### Source data:
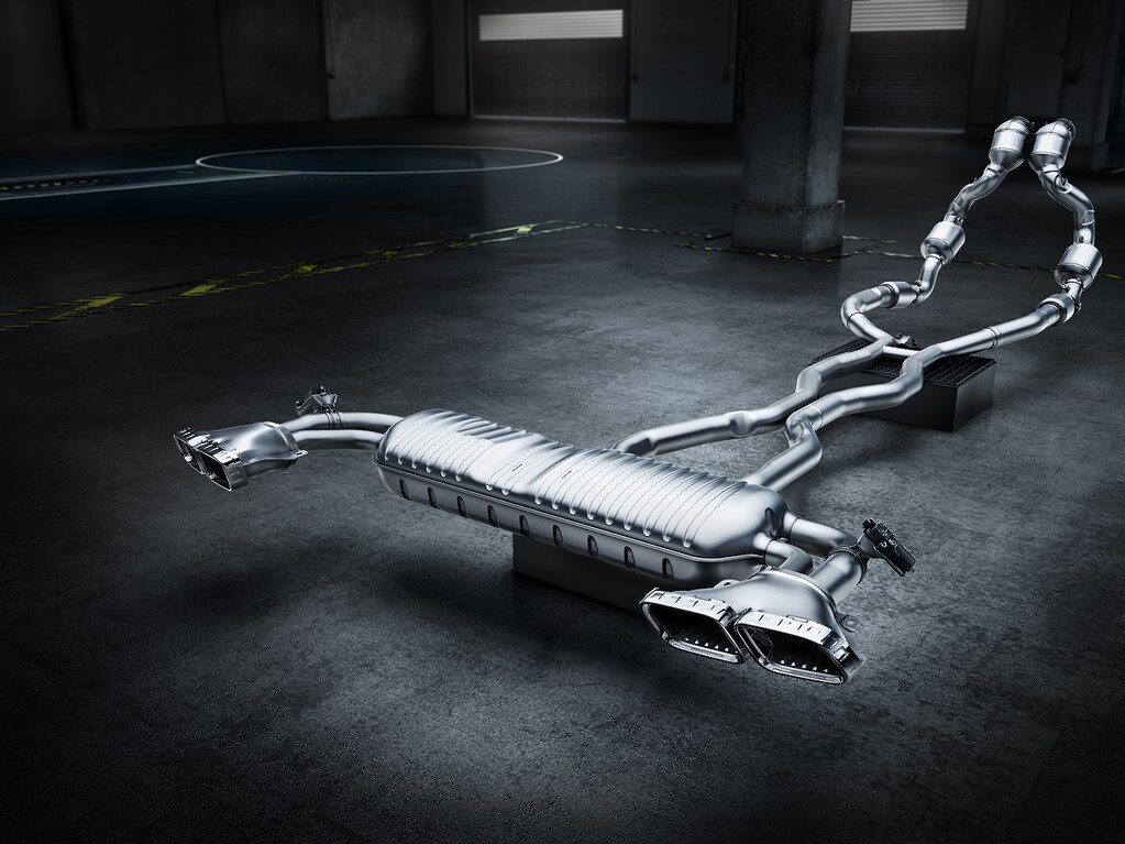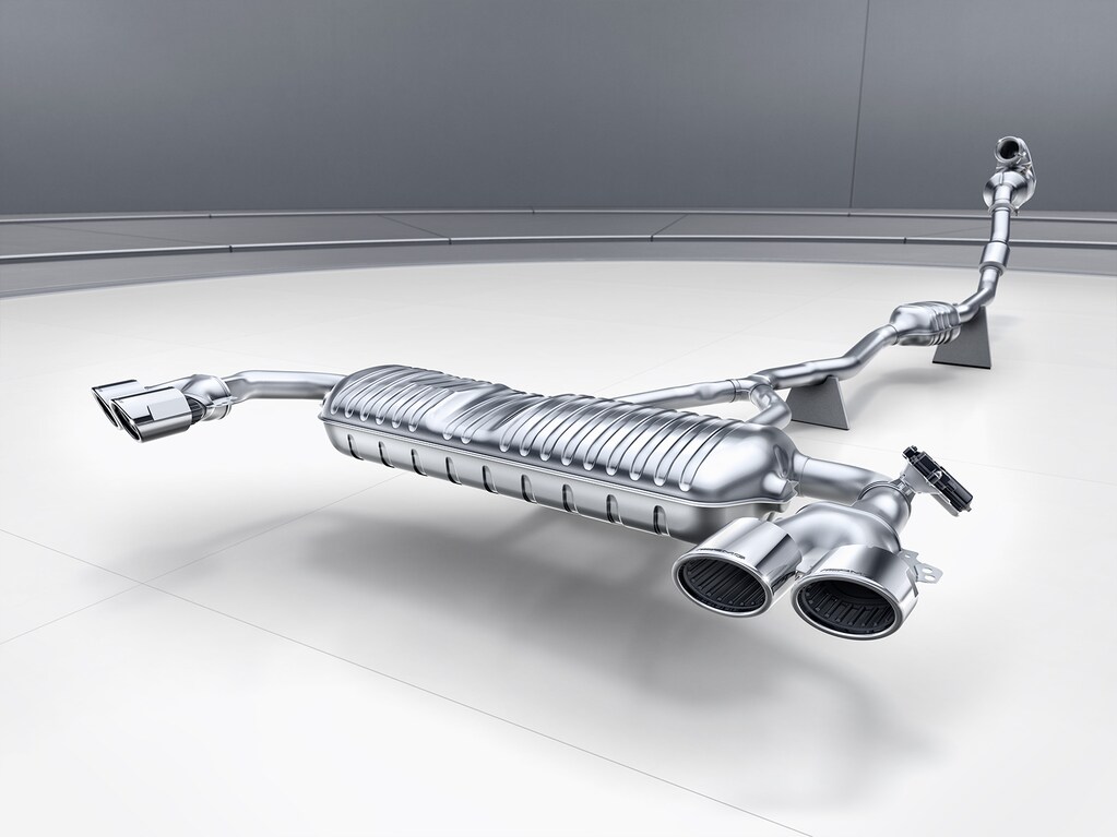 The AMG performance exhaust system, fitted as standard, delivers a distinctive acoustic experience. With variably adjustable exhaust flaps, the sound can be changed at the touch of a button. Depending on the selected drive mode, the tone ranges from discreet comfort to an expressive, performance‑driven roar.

---

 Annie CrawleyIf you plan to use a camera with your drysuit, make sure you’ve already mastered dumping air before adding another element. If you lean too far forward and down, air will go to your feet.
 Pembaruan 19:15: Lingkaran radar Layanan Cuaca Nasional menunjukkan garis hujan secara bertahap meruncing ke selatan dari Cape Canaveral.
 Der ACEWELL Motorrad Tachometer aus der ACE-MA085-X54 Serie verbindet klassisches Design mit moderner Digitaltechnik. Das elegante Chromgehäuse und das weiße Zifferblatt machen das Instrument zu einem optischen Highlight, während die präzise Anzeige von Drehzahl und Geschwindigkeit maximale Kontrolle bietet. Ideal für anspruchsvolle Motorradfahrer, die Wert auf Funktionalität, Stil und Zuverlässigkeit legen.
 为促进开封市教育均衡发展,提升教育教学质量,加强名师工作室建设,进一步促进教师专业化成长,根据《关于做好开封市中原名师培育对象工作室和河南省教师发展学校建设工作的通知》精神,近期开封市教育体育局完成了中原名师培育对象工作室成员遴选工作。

--

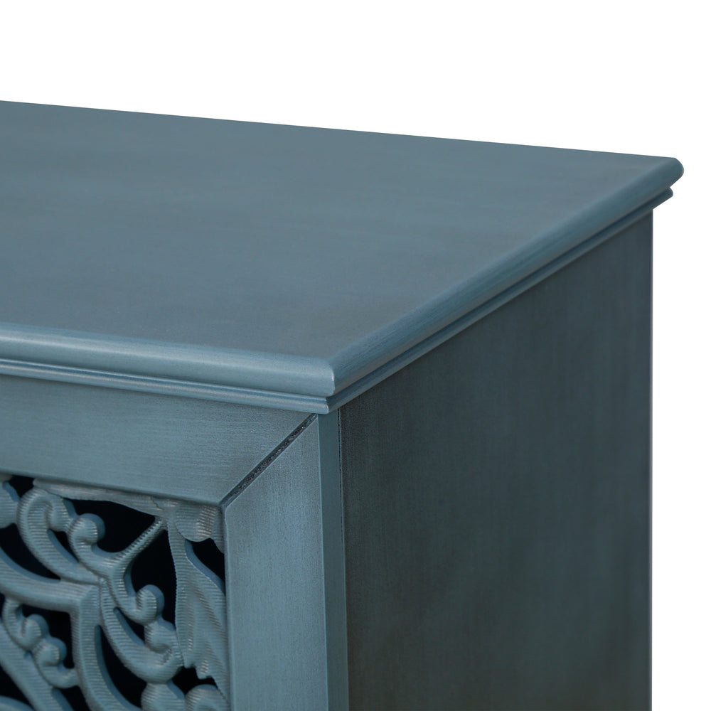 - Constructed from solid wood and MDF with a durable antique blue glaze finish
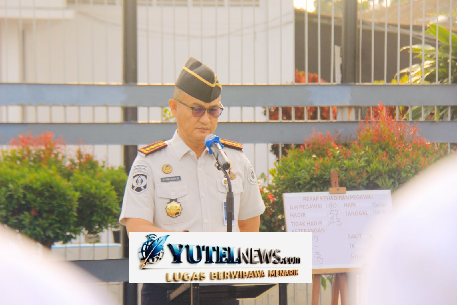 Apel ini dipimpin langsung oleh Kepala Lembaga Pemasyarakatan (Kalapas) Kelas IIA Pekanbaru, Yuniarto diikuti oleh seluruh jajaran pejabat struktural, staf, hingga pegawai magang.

### Exercise prompt:
Start with the line with "- Constructed from" in the listing above and stop after the line with "Apel ini dipimpin". Write out exactly the lines in that stretch and no others, without pictures.

### Problem solution:
 - Constructed from solid wood and MDF with a durable antique blue glaze finish
 Apel ini dipimpin langsung oleh Kepala Lembaga Pemasyarakatan (Kalapas) Kelas IIA Pekanbaru, Yuniarto diikuti oleh seluruh jajaran pejabat struktural, staf, hingga pegawai magang.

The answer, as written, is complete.